Is sample path of Brownian Motion deterministic?

Question

Consider a standard continuous Brownian Motion $B_t(\omega): \Omega \times [0,T] \to \mathbb{R}$, where: $B_0(\omega) = 0$; $B_t(\omega)$ has stationary independent increments; $B_t-B_s \sim N(0,t-s)$. Then what can we say about the sample path of a Brownian Motion? In my point of view, a sample path is such that we fix $\omega = \omega_0 \in \Omega$ and get a function $B(\omega_0,t)$, and we plot the graph of that function with respect to $t$. If so, can we say that $\textbf{a sample path is deterministic}$? Thanks in advance for any help.

Answer 1

What you have said is literally true, but is misleading, and shows confusion about what is meant by the term "sample path".

A "sample path" is not, in itself, a mathematical object; it is not a path or a function or a number or anything like that.
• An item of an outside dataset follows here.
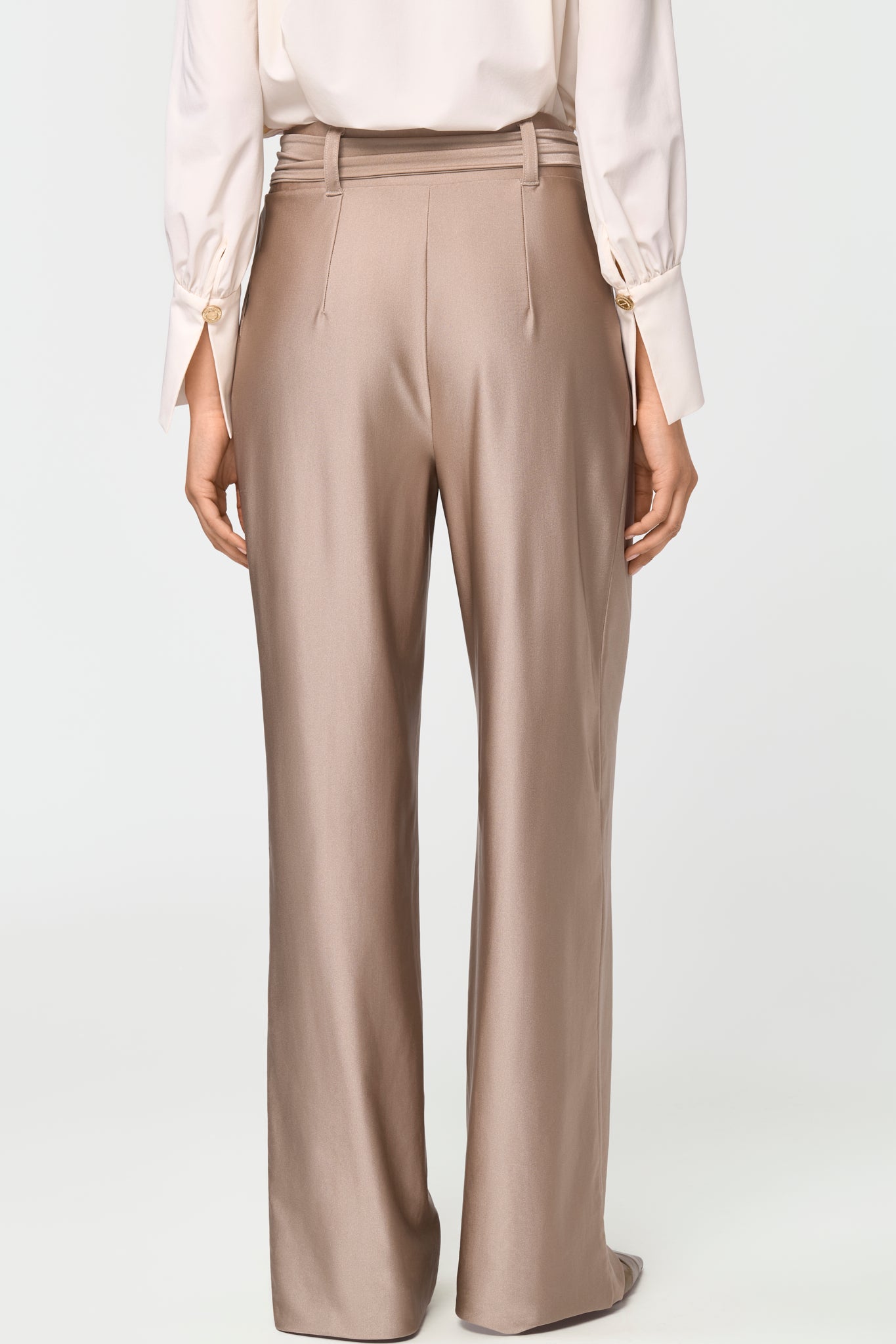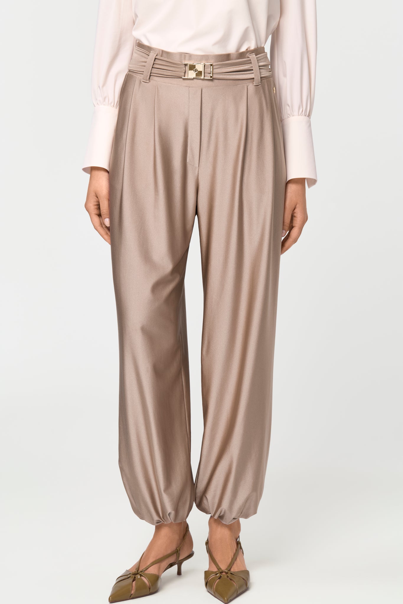 These wide-leg pants feature a fitted waistband, side pockets, an elasticated belt with a golden buckle, and an elastic at the ends for versatile styling, all in a stretchy, breathable, quick-dry, shiny fabric.

Rather, any sentence involving the phrase "sample path" is just a slightly informal way of expressing a more formal statement about a certain event having probability 1.

For instance, when we say "A Brownian motion sample path is 1/4-Hölder continuous", what we really mean is the following. Let $A$ be the set of all outcomes $\omega \in \Omega$ such that $t \mapsto B_t(\omega)$ is 1/4-Hölder continuous; that is $$A = \left\{ \omega \in \Omega : \sup_{s,t \in [0,T]} \frac{|B_t(\omega) - B_s(\omega)|}{|t-s|^{1/4}} < \infty\right\}.$$ Then "A Brownian motion sample paths is 1/4-Hölder continuous" should be understood as the assertion that $\mathbb{P}(A) = 1$; i.e. $A$ happens almost surely.
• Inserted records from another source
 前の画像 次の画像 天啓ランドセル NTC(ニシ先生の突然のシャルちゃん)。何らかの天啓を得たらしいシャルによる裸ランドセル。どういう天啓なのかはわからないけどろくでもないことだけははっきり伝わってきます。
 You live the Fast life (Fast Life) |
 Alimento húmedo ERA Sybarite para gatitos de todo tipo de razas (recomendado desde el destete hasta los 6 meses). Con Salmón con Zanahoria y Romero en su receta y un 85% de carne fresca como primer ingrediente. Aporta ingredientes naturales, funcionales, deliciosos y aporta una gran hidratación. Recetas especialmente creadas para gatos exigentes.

It may help to rephrase "sample path" as "generic path" or "typical path". It does not refer to any specific path; it makes a statement about the set of paths as a whole, and how prevalent among them are paths with a certain property. For example, a statement like "the typical American eats between 50 and 100 hamburgers per year" does not give us any information about any particular American, but it tells us something about the set of Americans.
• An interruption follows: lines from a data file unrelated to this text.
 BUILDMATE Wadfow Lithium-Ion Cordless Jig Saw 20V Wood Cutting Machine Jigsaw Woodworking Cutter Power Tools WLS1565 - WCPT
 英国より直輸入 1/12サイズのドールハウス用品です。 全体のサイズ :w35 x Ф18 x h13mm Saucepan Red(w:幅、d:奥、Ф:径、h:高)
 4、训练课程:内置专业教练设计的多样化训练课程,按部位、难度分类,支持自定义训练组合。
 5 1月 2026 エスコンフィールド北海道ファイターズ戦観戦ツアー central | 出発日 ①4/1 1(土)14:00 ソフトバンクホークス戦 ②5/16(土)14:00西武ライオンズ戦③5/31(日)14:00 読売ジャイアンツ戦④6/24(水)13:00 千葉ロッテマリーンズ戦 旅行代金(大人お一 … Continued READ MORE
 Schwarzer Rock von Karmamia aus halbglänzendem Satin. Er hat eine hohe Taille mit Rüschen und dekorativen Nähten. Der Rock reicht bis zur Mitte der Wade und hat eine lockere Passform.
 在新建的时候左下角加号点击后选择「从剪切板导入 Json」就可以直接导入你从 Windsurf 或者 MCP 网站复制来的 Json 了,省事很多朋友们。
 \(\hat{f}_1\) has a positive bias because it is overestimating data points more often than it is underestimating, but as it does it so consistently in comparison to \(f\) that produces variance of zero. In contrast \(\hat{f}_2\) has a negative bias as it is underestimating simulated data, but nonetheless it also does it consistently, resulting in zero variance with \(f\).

And describing a sample path as deterministic is rather nonsensical on another level. To use an analogy from lower-level mathematics, think of a function like $f(x)=x^2$. Your saying that "$B_t(\omega_0, t)$ is deterministic" is like saying "$f(5)$ is constant". Okay, well, $f(5)$ is the number $25$, which is not a function of $x$, so in that sense $f(5)$ is a constant. But when people use the word "constant", they mean that some object that might potentially depend on $x$, does not actually depend on it. So it doesn't really make much sense to say "$f(5)$ is constant" because there is no possibility for $f(5)$ to depend on $x$; substituting in $5$ got rid of $x$. Such a statement is literally true, but also totally pointless to say.

A statement like "$B(\omega_0, t)$ is deterministic" is similarly pointless. "Deterministic" means that something which potentially might depend on $\omega$, does not actually depend on it. But obviously $B_t(\omega_0, t)$ does not depend on $\omega$, because you just replaced $\omega$ by $\omega_0$. So what you said has no useful content.